[GIVEN ENTRIES Boundary: Start]

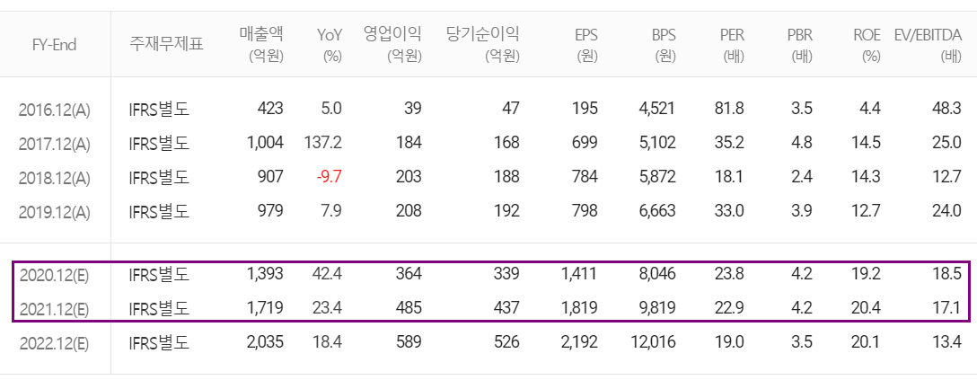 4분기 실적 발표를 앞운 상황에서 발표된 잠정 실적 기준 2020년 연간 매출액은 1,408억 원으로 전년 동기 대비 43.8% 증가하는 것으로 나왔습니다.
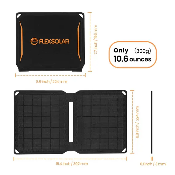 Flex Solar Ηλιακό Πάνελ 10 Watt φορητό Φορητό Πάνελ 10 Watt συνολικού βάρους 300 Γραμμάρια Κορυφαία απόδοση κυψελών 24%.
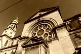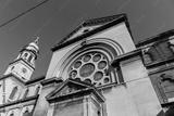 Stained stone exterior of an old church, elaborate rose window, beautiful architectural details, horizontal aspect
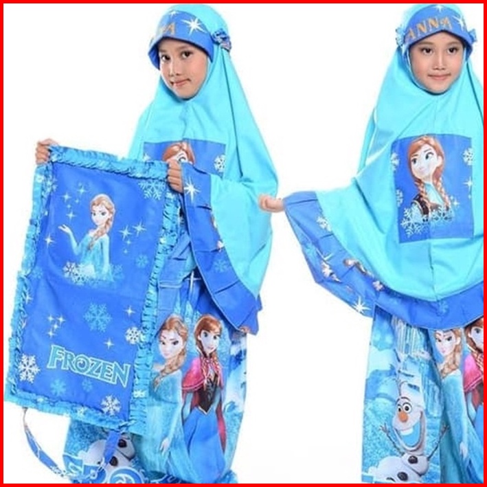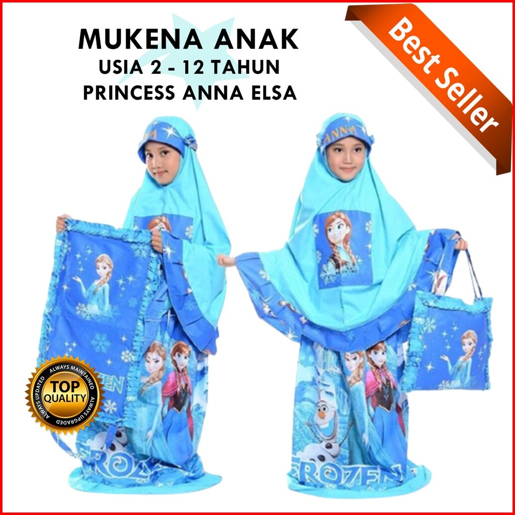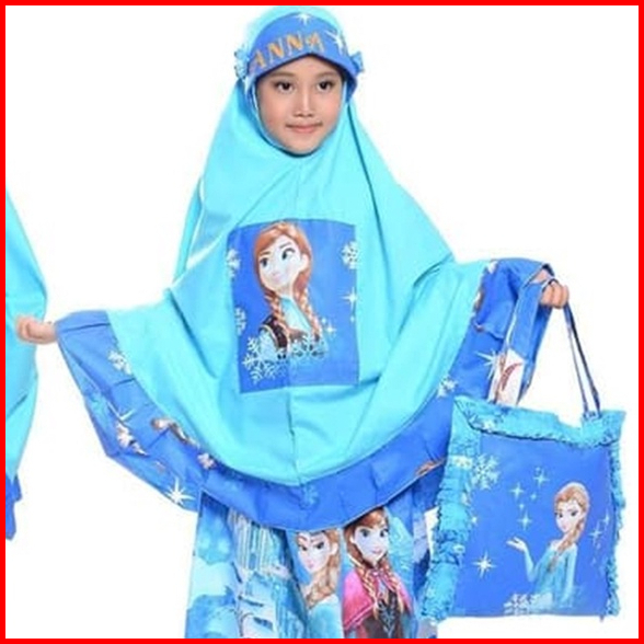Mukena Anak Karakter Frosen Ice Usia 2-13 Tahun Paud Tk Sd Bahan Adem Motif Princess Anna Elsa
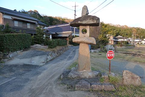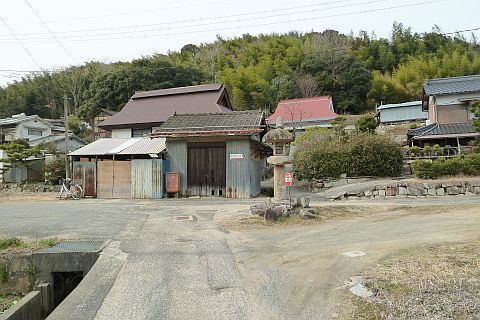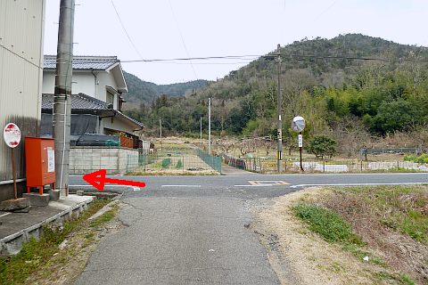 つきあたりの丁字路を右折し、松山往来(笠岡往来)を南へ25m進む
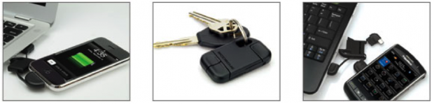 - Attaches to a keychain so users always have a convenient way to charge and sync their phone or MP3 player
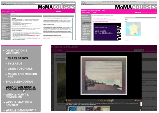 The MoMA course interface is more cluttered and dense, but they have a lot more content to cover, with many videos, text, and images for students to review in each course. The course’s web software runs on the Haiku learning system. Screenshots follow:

[GIVEN ENTRIES Boundary: End]
[GIVEN ENTRIES Boundary: Start]

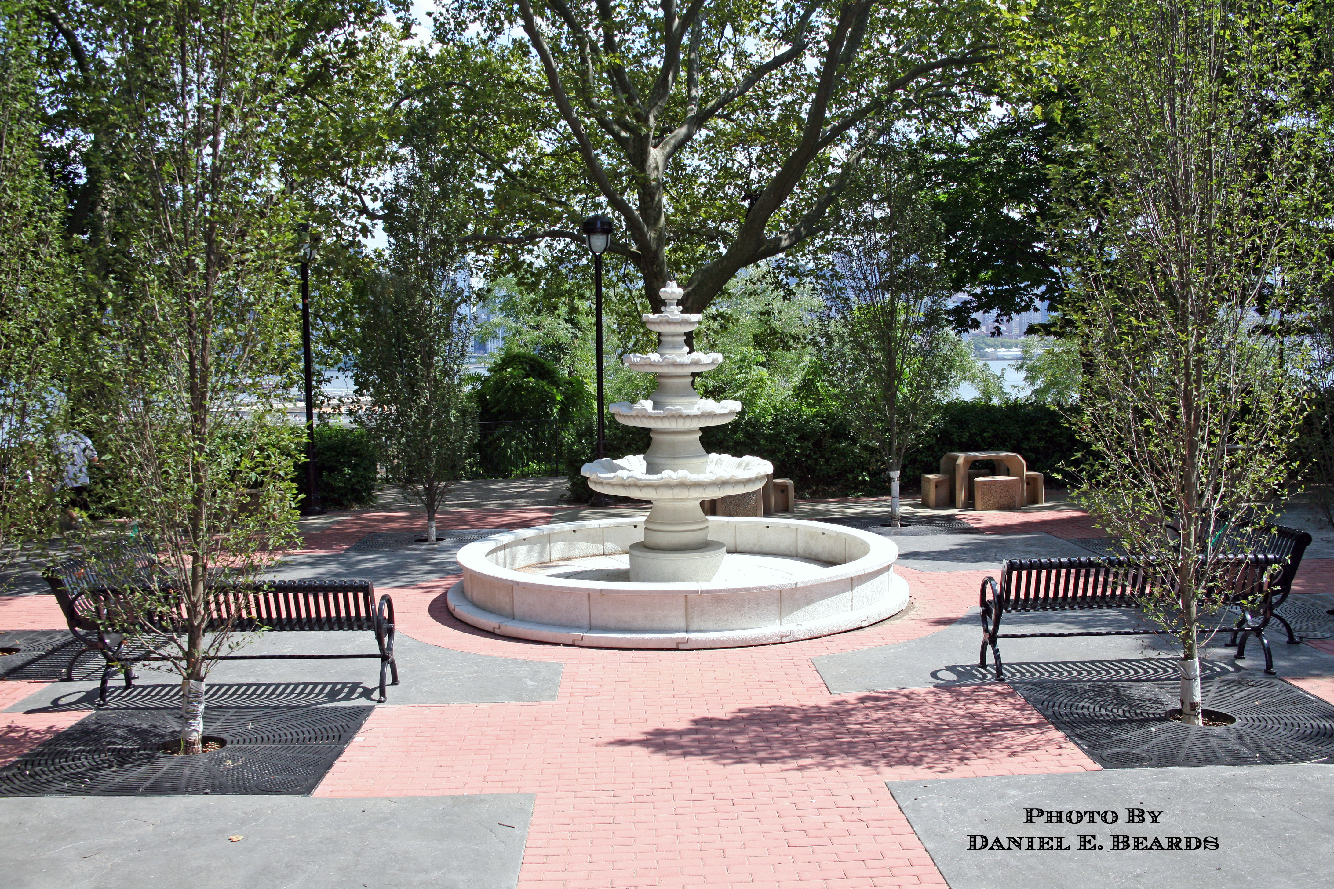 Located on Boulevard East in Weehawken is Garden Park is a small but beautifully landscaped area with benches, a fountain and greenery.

[GIVEN ENTRIES Boundary: End]

* _WHAT THIS TASK INVOLVES_
In the data above, start at the line holding "Stained stone exterior" and stop after the line holding "つきあたりの丁字路を右折し、松山往来(笠岡往来)を南へ25m進む"; write out those lines exactly, without pictures.

* _TASK RESPONSE_
 Stained stone exterior of an old church, elaborate rose window, beautiful architectural details, horizontal aspect
Mukena Anak Karakter Frosen Ice Usia 2-13 Tahun Paud Tk Sd Bahan Adem Motif Princess Anna Elsa
 つきあたりの丁字路を右折し、松山往来(笠岡往来)を南へ25m進む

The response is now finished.